When you fly over the earth in an airplane, it is easy to notice mountains, hills, plains and plateaus from the window. These major landforms are key to understanding geography. They have long functioned as borders between territories and nations, and they feature in place names on maps.
Identification
Geographers and geologists refer to four major landforms. Large flat mainly grassy areas are the plains. Lands with elevations more than 1,000 feet above the surrounding areas are called mountains. Hills are elevated land masses that are less than 1,000 feet above their surroundings. Plateaus are flat elevated areas perched between 300 to 3,000 feet high. Minor landforms include buttes, canyons, valleys and basins.
Considerations
How were these major landforms formed?

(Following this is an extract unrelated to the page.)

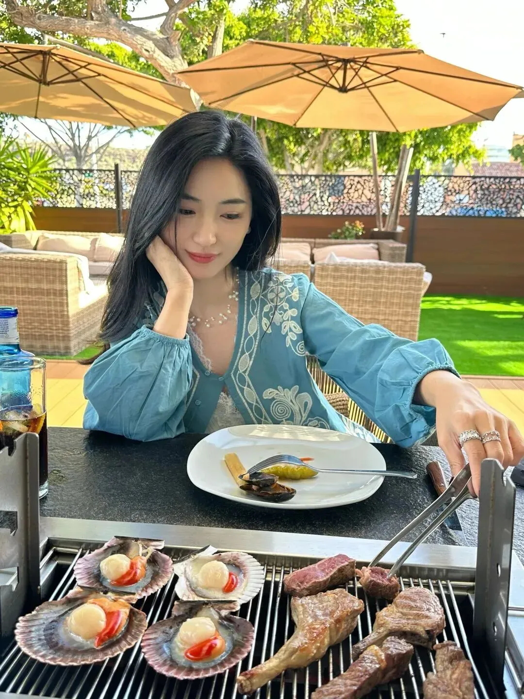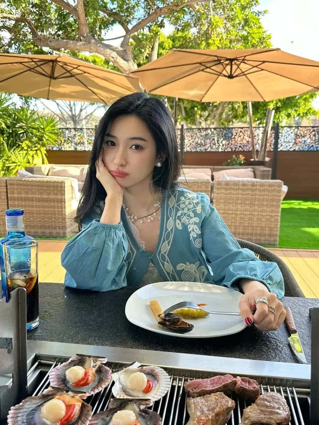 晚上吃饭时穿雾蓝色的上衣,棉麻质地柔软,白刺绣灯笼袖。她捧着脸吃饭,眼神懒洋洋的。桌上摆着烤肉和饮料,生活气息很浓厚。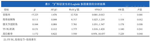 将单因素分析显示差异有统计学意义的四个变量(股骨前倾角、膝关节扭转角、TT-TG距离和高位髌骨)纳入Logistic回归分析。结果显示股骨前倾角增大、膝关节扭转角增大和高位髌骨是髌骨轨迹"J"形征发生的危险因素(表5)。

Some were formed as a result of tectonic activity, or earthquakes. Other landforms are the result of volcanic eruptions. In fact, mountains that were formed by tectonic activity are called fold mountains, while those formed by volcanic eruptions are called volcanic mountains. Still other landforms resulted from the effects of weathering, erosion and the movement of glaciers.
Size
Mountains are perhaps the most noticeable of the major landforms and are found on every continent, as well as beneath the ocean. The highest mountain is Mount Everest in the Himalayas at 29,028 feet. The largest mountain, by volume, is Hawaii's Maono Loa. The longest chain of mountains is the Mid Ocean Range. Both Easter Island in the Pacific Ocean and Iceland are member peaks of this range.
Types
More than half of the earth's surface is covered by plains like the Central Plains of the United States and the plains in Eastern China. Some plains that continue to grow in surface area are the deltas that form by land carried in the current and deposited at the mouths of major rivers. The largest deltas are the Nile River Delta, Mississippi River Delta and Rhone River Delta.
Features
Plateaus account for about 30 percent of the earth's surface. They are elevations that terminate in flat lands. Some people call them tablelands because of their shape. There are often layers of both hard and soft rock in a plateau. These landforms were caused when the earth's crust was forced upward.